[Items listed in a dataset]
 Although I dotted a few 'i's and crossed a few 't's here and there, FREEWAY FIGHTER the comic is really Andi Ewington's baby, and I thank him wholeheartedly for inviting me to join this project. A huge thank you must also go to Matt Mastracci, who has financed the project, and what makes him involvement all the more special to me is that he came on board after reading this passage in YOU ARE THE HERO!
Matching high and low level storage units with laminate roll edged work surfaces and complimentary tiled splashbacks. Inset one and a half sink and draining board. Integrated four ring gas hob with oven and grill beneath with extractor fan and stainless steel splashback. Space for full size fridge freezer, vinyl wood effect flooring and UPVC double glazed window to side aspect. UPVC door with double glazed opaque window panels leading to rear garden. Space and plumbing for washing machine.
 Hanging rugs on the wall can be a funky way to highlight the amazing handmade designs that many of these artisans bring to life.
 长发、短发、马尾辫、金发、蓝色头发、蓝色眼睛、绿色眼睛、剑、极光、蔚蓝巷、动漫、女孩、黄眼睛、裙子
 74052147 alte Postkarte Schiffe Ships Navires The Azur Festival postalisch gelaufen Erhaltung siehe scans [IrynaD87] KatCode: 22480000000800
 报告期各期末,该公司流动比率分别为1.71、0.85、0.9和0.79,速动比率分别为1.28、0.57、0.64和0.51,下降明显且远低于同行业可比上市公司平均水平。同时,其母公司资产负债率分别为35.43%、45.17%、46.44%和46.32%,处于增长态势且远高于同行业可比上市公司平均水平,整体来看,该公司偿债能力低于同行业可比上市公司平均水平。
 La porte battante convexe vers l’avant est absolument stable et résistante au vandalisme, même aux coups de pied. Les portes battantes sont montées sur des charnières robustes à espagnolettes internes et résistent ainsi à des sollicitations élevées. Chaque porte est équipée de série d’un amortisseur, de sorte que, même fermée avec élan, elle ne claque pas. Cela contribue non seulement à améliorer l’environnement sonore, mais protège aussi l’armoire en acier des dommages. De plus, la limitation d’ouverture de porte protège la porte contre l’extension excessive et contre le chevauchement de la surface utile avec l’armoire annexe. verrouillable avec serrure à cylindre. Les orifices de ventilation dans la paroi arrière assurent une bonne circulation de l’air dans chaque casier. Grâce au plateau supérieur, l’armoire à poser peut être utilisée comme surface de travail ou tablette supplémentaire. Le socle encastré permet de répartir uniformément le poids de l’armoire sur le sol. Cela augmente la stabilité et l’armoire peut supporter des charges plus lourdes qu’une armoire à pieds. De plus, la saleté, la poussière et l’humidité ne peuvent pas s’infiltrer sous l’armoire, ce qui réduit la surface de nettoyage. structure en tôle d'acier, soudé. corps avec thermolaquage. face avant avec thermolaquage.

_Work order:_ Set down, exactly as they appear above, all lines from the one that has "Hanging rugs on" down to the one that has "报告期各期末,该公司流动比率", including those two and no others.

_Task output:_
 Hanging rugs on the wall can be a funky way to highlight the amazing handmade designs that many of these artisans bring to life.
 长发、短发、马尾辫、金发、蓝色头发、蓝色眼睛、绿色眼睛、剑、极光、蔚蓝巷、动漫、女孩、黄眼睛、裙子
 74052147 alte Postkarte Schiffe Ships Navires The Azur Festival postalisch gelaufen Erhaltung siehe scans [IrynaD87] KatCode: 22480000000800
 报告期各期末,该公司流动比率分别为1.71、0.85、0.9和0.79,速动比率分别为1.28、0.57、0.64和0.51,下降明显且远低于同行业可比上市公司平均水平。同时,其母公司资产负债率分别为35.43%、45.17%、46.44%和46.32%,处于增长态势且远高于同行业可比上市公司平均水平,整体来看,该公司偿债能力低于同行业可比上市公司平均水平。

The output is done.